Crossrail NOT making connections
On 2008-12-04 16:24:15 +0000, Tom Anderson said:
On Thu, 4 Dec 2008, Andrew Heenan wrote:
"Roland Perry" wrote ...
Andrew Heenan remarked:
Not my area, and I wouldn't presume to guess.
But I am sure of one thing:
"Not Shenfield"
Bluff. Called.
[There's nowhere "slightly" further out than Shenfield that has the
capacity to turn the requisite number of trains]
Sneaky Pedant called:
1. I was not bluffing - I was expressing a view. Sorry about that.
2. When you quoted me, you chose to miss a key point:
"There are, of course, many options east of Liverpool Street, and a lot may
depend on who's in power come 2018."
I repeat, "Not my area, and I wouldn't presume to guess" - instead of trying
to be smart (and merely being smug) why not *use* your local knowledge to
see what other possibilities there are.
Warning: this may require an open mind and tad of imagination - do your
best.
Just imagine *you* are planning an East-West high capacity, high frequency
rail service, and you have a free choice of terminus, and go for it!
[tip: it is theoretically possible for More Than One to be used]
So please do enlighten us. And none of this "not my area" nonsense,
please - if you know enough to be certain that there are better options
than Shenfield, then you know enough to suggest some.
(And please don't tell me there's not one station on the Eastern that
is more appropiate than Shenfield - or I, and many others, will cease
to believe a word you say.)
Really? Who are these many others, and how do you know about them?
If Roland, or anyone else, wants to claim that no terminus is more
appropriate than Shenfield, and backs that up with reasoned arguments,
then the correct response is to consider those arguments.
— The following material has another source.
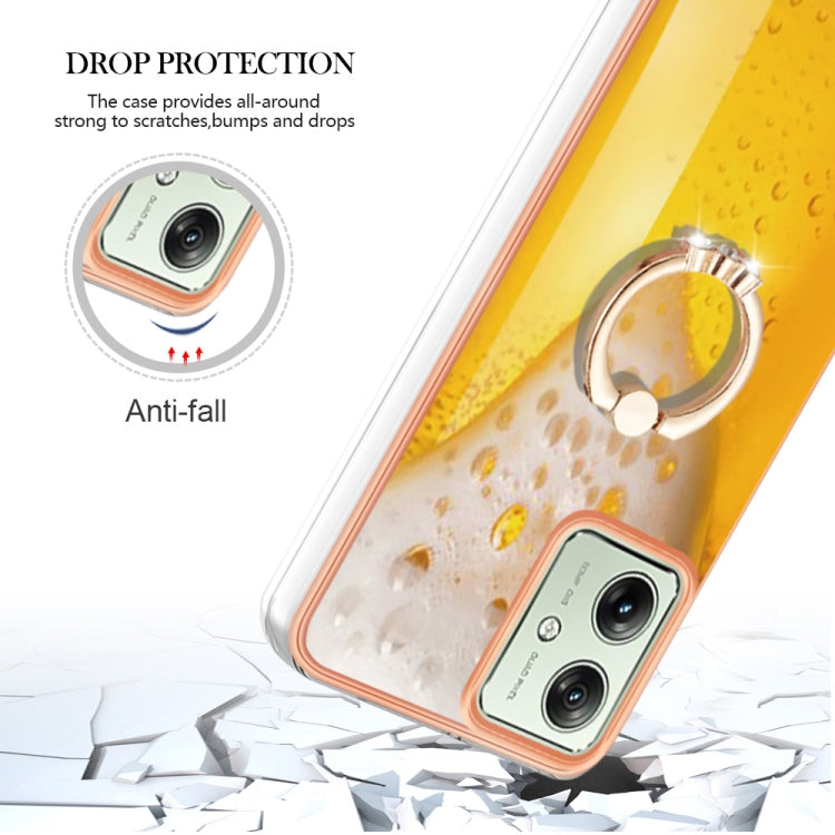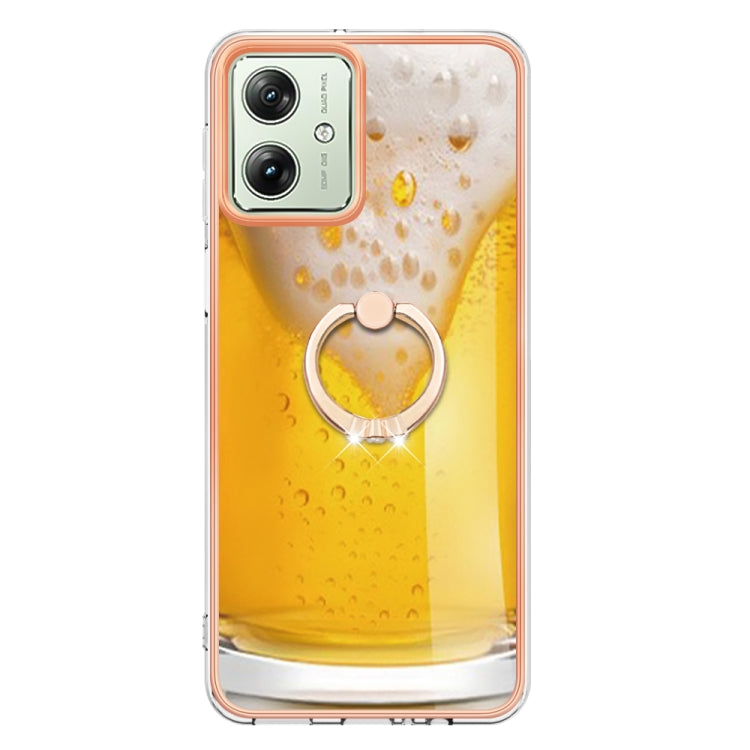 Estuche para Motorola Moto G54 IMD Doble Cara con Galvanoplastia y Soporte para Anillo (Cerveza de Barril)

Dismissing
them out of hand is the act of someone driven by overwhelming affection
for their own opinions, not any interest in the truth.
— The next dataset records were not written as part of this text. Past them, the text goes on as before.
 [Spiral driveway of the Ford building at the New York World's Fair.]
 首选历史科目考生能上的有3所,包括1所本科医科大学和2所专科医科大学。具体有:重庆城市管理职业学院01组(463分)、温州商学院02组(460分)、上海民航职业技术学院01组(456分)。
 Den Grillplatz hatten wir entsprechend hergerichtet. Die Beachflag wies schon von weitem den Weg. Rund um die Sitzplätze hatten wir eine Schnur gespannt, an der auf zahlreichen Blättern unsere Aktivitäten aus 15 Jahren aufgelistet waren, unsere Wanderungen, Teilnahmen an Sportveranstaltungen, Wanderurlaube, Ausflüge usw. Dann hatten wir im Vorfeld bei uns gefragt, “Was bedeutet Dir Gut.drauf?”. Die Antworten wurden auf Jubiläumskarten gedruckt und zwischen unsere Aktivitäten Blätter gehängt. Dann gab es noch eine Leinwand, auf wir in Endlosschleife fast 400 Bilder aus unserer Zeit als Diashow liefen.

As it happens, i also think there's no better option than Shenfield.
The GEML is four-track to Shenfield, and has two two-track branches
beyond that. That means you can run Crossrail as a stopping service to
Shenfield with one pair of tracks entirely to itself, and leave the
other pair for non-stop long-distance services, with no possibility of
performance pollution between the two. Running those Crossrail trains
beyond Shenfield supplies residents of those towns with a stopping
service into London which they simply won't use. Making some of the
Crossrails non-stop on the fasts to points beyond Shenfield, and
filling in the deficit on the slow lines with Liverpool
Street-terminating trains, throws away the advantages of segregation.
Turning some of the Crossrails off short of Shenfield - say up the West
Anglia, to suburban destinations or Stansted, means taking trains away
from the stations towards Shenfield, which means a net reduction in
service on an already overcrowded line. So, we have one useless option,
one impractical one, and one actively harmful one.
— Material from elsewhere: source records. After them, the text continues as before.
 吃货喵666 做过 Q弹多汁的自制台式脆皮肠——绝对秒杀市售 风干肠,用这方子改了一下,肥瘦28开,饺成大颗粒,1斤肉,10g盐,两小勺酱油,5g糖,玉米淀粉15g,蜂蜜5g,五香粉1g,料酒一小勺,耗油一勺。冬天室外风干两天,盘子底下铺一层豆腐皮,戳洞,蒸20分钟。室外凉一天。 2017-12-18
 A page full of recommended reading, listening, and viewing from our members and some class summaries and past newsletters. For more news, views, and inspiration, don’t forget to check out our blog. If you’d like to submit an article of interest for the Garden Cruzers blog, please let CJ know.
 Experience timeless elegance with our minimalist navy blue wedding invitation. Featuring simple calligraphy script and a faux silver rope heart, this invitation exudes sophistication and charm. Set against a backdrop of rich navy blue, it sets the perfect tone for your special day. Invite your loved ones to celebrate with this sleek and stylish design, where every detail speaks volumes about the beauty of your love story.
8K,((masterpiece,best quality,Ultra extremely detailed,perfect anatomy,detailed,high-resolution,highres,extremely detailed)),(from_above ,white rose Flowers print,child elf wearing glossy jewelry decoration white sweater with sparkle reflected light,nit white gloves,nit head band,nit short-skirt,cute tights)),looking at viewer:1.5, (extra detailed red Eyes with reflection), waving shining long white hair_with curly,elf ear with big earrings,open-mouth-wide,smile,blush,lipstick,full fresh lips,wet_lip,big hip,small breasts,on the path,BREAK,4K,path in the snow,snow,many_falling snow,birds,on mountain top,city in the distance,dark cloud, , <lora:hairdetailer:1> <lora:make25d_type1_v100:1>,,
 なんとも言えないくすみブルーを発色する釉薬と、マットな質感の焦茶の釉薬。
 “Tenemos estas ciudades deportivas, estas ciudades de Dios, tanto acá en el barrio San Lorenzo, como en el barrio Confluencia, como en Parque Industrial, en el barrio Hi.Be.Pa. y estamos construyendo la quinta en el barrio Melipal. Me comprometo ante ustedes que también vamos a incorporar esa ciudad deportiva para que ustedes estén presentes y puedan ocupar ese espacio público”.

I look forward to hearing your suggestion.
tom
To balance peak hour loadings between trains running on the same Line
on the RER in Paris, the stopping patterns are varied. For example on
the western arm of the Line A, most trains ran through to the terminus
at St. Germain-en-Laye, but some turned back before the end of the line
at Le Vesinet-Le Pecq. The longer distance trains tended to skip some
of the stations nearer Paris which were covered by the trains which
turned back early. All of the trains stopped at all of the stations in
the central section. This was all done on a 2 track railway and it
seemed to work very well. Outside the central section I would suggest
that not all the Crossrail trains should be all-stations.